The conversations between Ha-joon and the lead girl weren't grand or lyrical—they were laced with quiet understanding. Comfort in silence. She realized it wasn't the actions alone that made him feel like a green flag. It was the way he never forced his way in. He didn't ask to be let into her world. He just waited by the door with an umbrella.
By chapter ten, Seo-ah found herself rereading a particular line:
"Some hearts don't need rescuing. They just need to be held right."
She stared at those words like they held a key to something she hadn't known she was missing.
The next night, she read four more chapters. Then another three. She told herself she was analyzing character arcs. That it was just research for her own writing. But when she cried at chapter sixteen, she didn't pretend anymore.
Ha-joon was fiction.
But he reminded her of the version of herself she used to believe in—one where softness wasn't weakness, where people could love gently without asking for pieces of you in return.
Then came the twist.
The girl chose Min-woo. The ex who ghosted her. The one who broke promises, said sorry with flowers, and showed up conveniently during emotional collapses.
Seo-ah closed the book.
She sat in silence.
Ji-won walked in five minutes later with a smug smile that vanished the moment she saw her face. "Oh no. You finished it."
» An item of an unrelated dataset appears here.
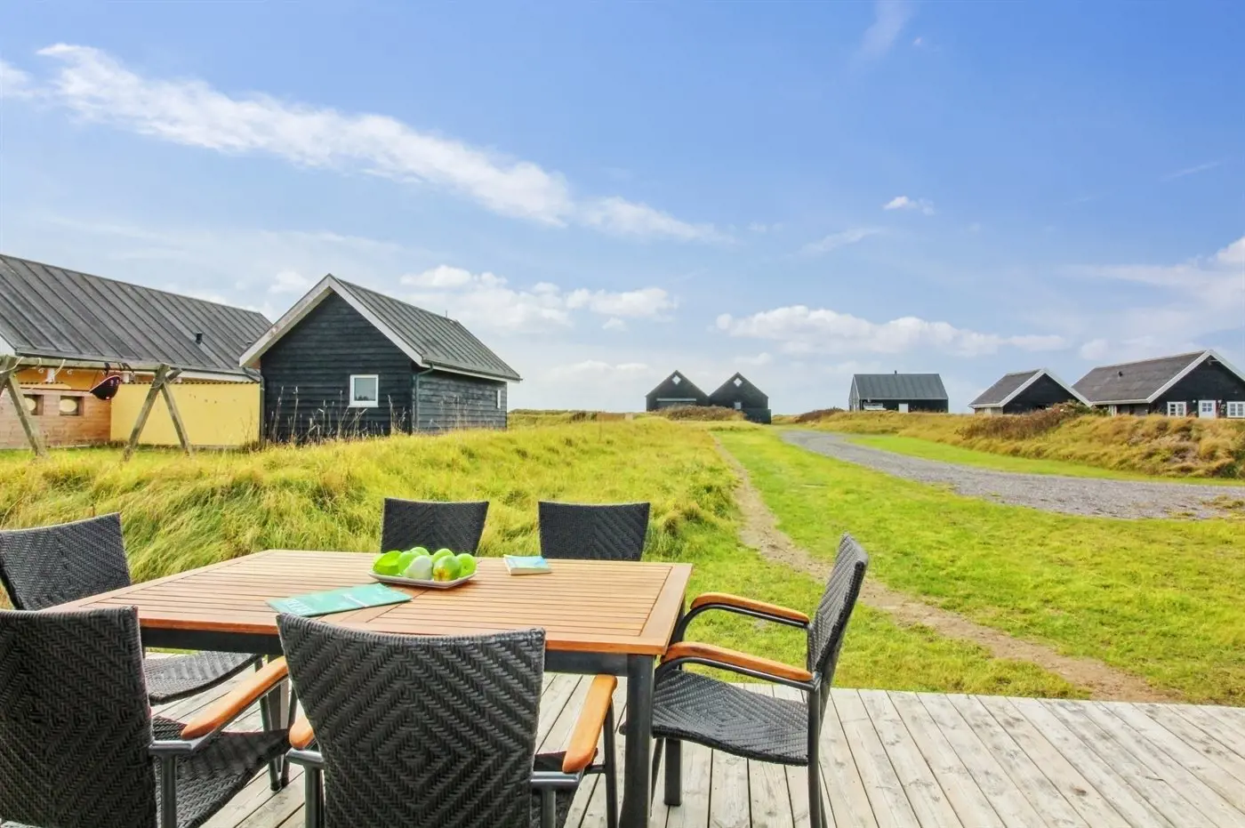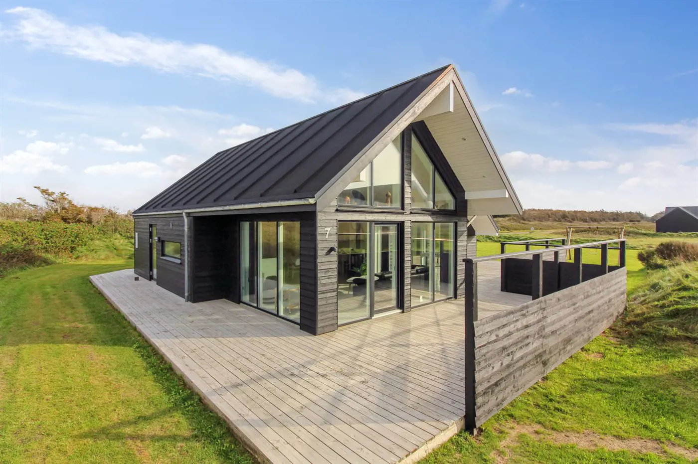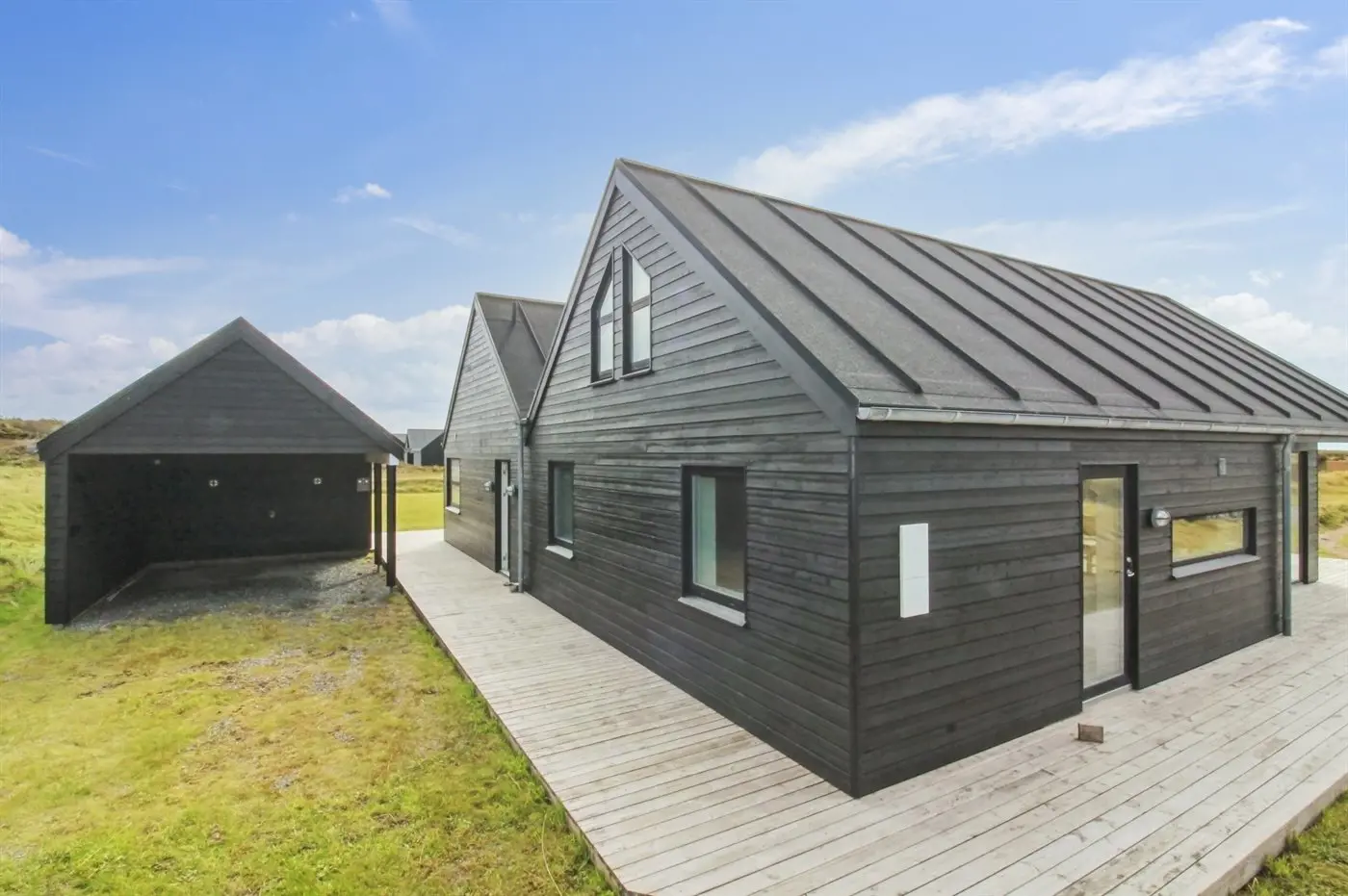 Die Ferienunterkunft liegt auf einem 1266 m² großen Naturgrundstück. Die Entfernung zum Meer beträgt 100 m. Die nächste Einkaufsmöglichkeit liegt 750 m entfernt. In einem Abstand von 4000 m gibt es einen Golfplatz. Es steht ein offenes Terrassenareal zur Verfügung. Geräteraum. Schaukel. Es steht ein Grill zur Verfügung. Es steht ein Carport zur Verfügung. Es ist ein Ladestecker für Elektroautos installiert. Parkplatz auf dem Grundstück.

Seo-ah looked up. Her voice cracked. "How could she walk away from a man like that?"
Ji-won sat beside her slowly. "I asked myself the same thing."
"She left kindness. For chaos."
"I think… Some girls don't know what to do with gentle love. They're so used to bracing for impact, they think calm is boring."
Seo-ah didn't answer.
She thought of Han-jin. The way he'd confuse her with silence, then love-bomb her the next day. The way she thought being chosen meant being loved. The way she used to call his possessiveness passion.
But Ha-joon… he was steady.
Like a lighthouse.
And she'd never once imagined herself worth someone like that.
Until now.
"Why'd you really make me read this?" Seo-ah asked.
Ji-won smiled sadly. "Because I think you deserve someone who brings you gloves before the snow starts falling."